If I had confined myself to just studying the music most of the classical guitar community considered "worthy" of studying I wouldn't have spent ten years going through Matiegka's guitar sonatas and I would not have discovered how often he used the V7/V to V to IV progression in his work.  It's not a lot of instances, really, but as I've been saying the implications of how that usage could and should make us rethink what has been taught in textbooks about what actually "never" happens or "isn't good practice" should at least come up for some appraisal.  


Thursday, September 26, 2024

Ethan Hein has a piece discussing Jeff Buckley's cover of "Lilac Wine" at MusicRadar

https://www.ethanhein.com/wp/2024/musicradar-column-on-lilac-wine-by-jeff-buckley/

https://www.musicradar.com/artists/he-sounds-like-an-alien-or-a-being-from-another-dimension-a-music-professor-breaks-down-the-theory-behind-jeff-buckleys-lilac-wine

 

As befits Jeff Buckley’s strangeness, Grace is a strange album.

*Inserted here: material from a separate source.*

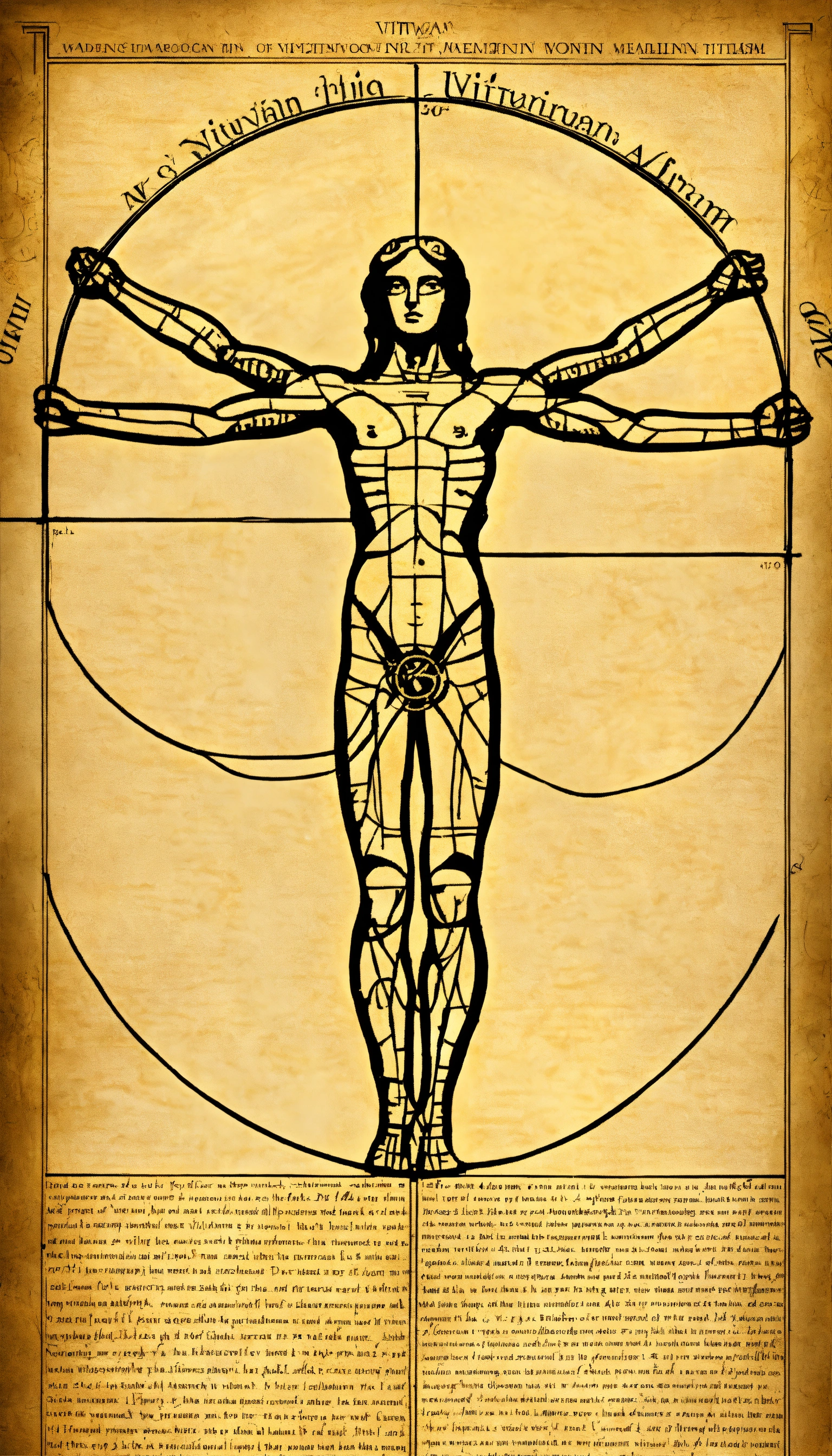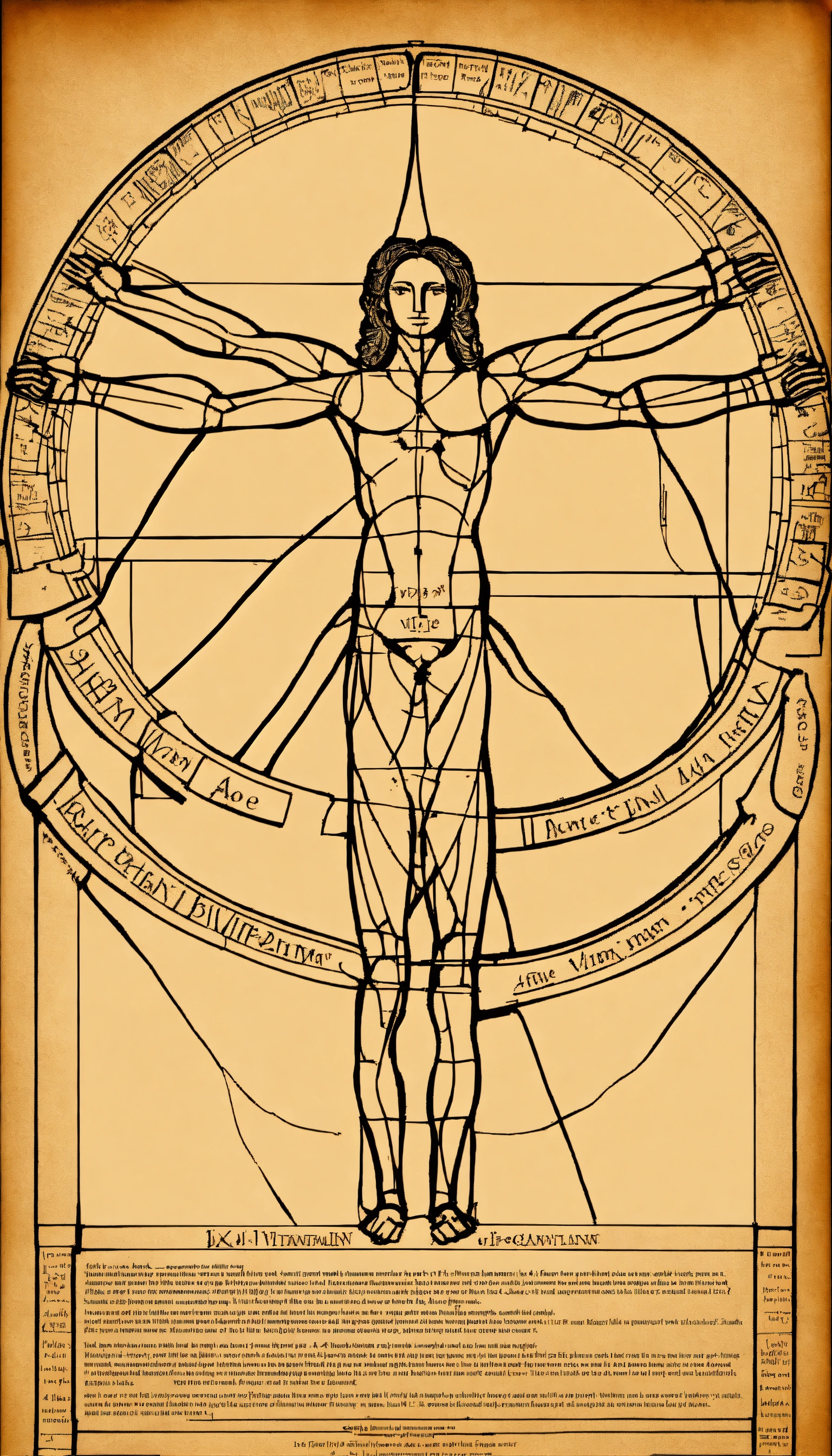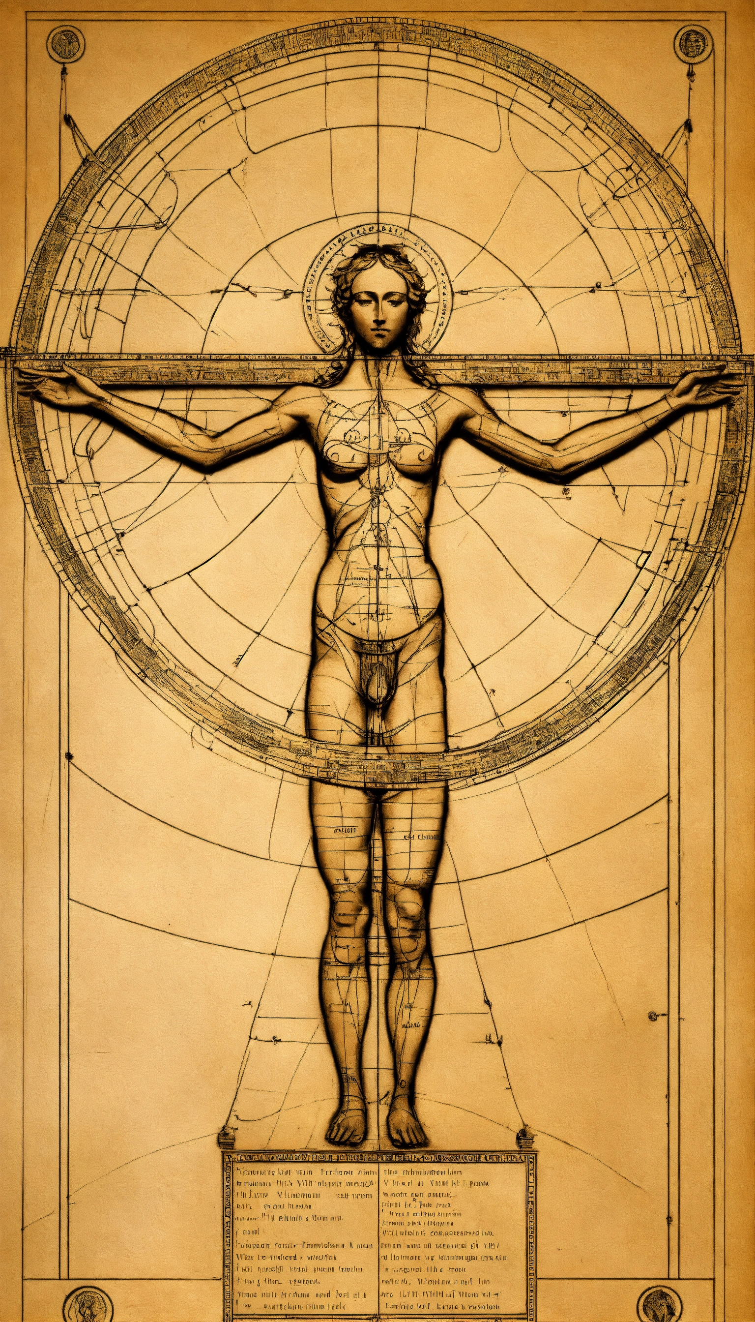 Text feminin version of the vitruvian man, intricate, with graceful curves, 4 arms, 4 legs, almost identical to the original vitruvian men.

It’s nominally “alternative rock”, but Buckley doesn’t sing or write like a typical 90s alt-rocker, and he includes a couple of songs that are conspicuously not rock at all. One is Corpus Christi Carol, a 500-year-old traditional tune arranged by Benjamin Britten. The other is Lilac Wine. It’s only 75 years old, but it sounds even less like alt-rock than Corpus Christi Carol does.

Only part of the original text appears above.